→ Work request
Every record below is to be restated verbatim, though its images are not.

→ Collection entries

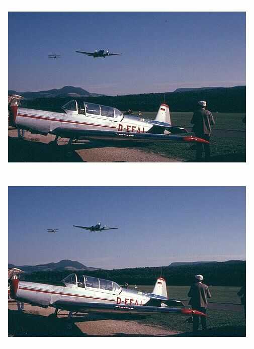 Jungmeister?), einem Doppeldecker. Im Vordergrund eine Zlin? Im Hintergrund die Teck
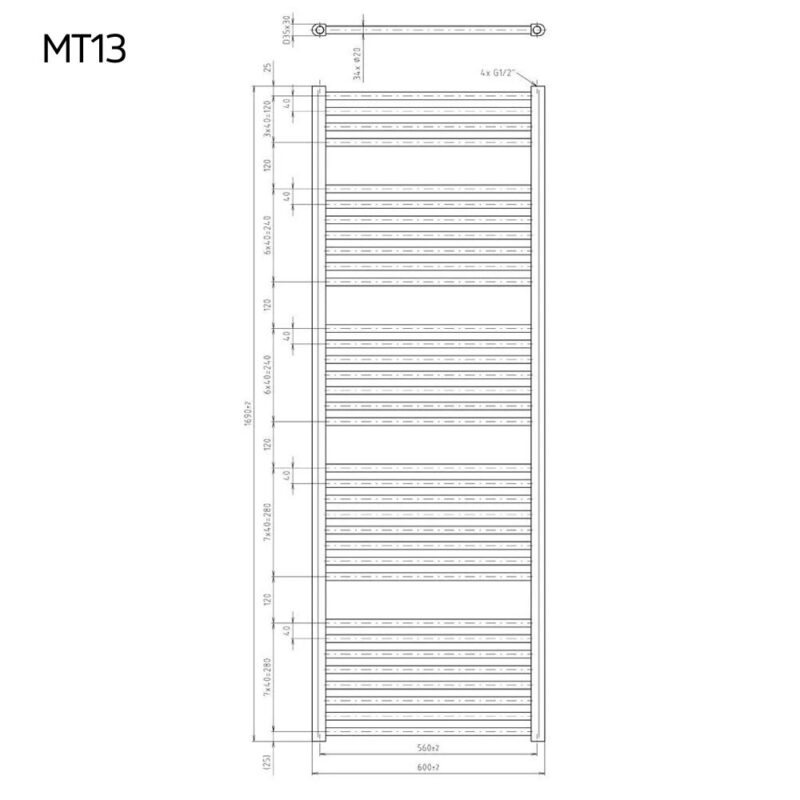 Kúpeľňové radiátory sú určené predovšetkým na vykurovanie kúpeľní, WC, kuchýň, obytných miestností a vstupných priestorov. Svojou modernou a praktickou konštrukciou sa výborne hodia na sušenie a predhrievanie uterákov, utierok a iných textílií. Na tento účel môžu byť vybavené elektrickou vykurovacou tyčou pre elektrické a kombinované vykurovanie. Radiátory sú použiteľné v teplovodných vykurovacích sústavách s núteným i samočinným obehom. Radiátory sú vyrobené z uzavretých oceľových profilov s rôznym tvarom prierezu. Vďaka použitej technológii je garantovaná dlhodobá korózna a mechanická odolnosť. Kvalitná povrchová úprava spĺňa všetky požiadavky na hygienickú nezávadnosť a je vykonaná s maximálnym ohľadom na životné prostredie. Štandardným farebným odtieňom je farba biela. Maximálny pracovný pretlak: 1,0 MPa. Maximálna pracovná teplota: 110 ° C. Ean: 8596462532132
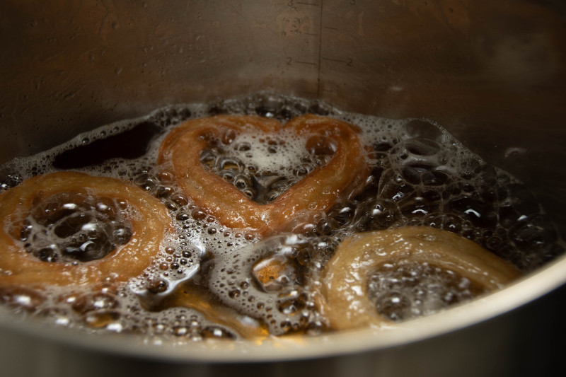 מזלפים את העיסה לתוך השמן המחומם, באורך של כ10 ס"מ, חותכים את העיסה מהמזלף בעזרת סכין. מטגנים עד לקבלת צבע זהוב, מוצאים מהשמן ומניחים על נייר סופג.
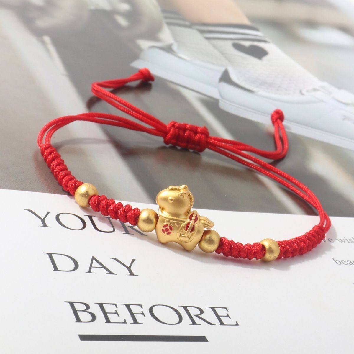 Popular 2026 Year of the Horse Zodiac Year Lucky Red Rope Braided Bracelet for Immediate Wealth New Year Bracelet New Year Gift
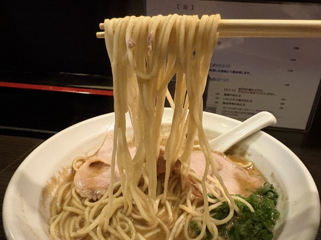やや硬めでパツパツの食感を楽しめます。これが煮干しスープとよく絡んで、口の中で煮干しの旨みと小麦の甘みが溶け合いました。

→ Task answer
 Jungmeister?), einem Doppeldecker. Im Vordergrund eine Zlin? Im Hintergrund die Teck
 Kúpeľňové radiátory sú určené predovšetkým na vykurovanie kúpeľní, WC, kuchýň, obytných miestností a vstupných priestorov. Svojou modernou a praktickou konštrukciou sa výborne hodia na sušenie a predhrievanie uterákov, utierok a iných textílií. Na tento účel môžu byť vybavené elektrickou vykurovacou tyčou pre elektrické a kombinované vykurovanie. Radiátory sú použiteľné v teplovodných vykurovacích sústavách s núteným i samočinným obehom. Radiátory sú vyrobené z uzavretých oceľových profilov s rôznym tvarom prierezu. Vďaka použitej technológii je garantovaná dlhodobá korózna a mechanická odolnosť. Kvalitná povrchová úprava spĺňa všetky požiadavky na hygienickú nezávadnosť a je vykonaná s maximálnym ohľadom na životné prostredie. Štandardným farebným odtieňom je farba biela. Maximálny pracovný pretlak: 1,0 MPa. Maximálna pracovná teplota: 110 ° C. Ean: 8596462532132
 מזלפים את העיסה לתוך השמן המחומם, באורך של כ10 ס"מ, חותכים את העיסה מהמזלף בעזרת סכין. מטגנים עד לקבלת צבע זהוב, מוצאים מהשמן ומניחים על נייר סופג.
 Popular 2026 Year of the Horse Zodiac Year Lucky Red Rope Braided Bracelet for Immediate Wealth New Year Bracelet New Year Gift
やや硬めでパツパツの食感を楽しめます。これが煮干しスープとよく絡んで、口の中で煮干しの旨みと小麦の甘みが溶け合いました。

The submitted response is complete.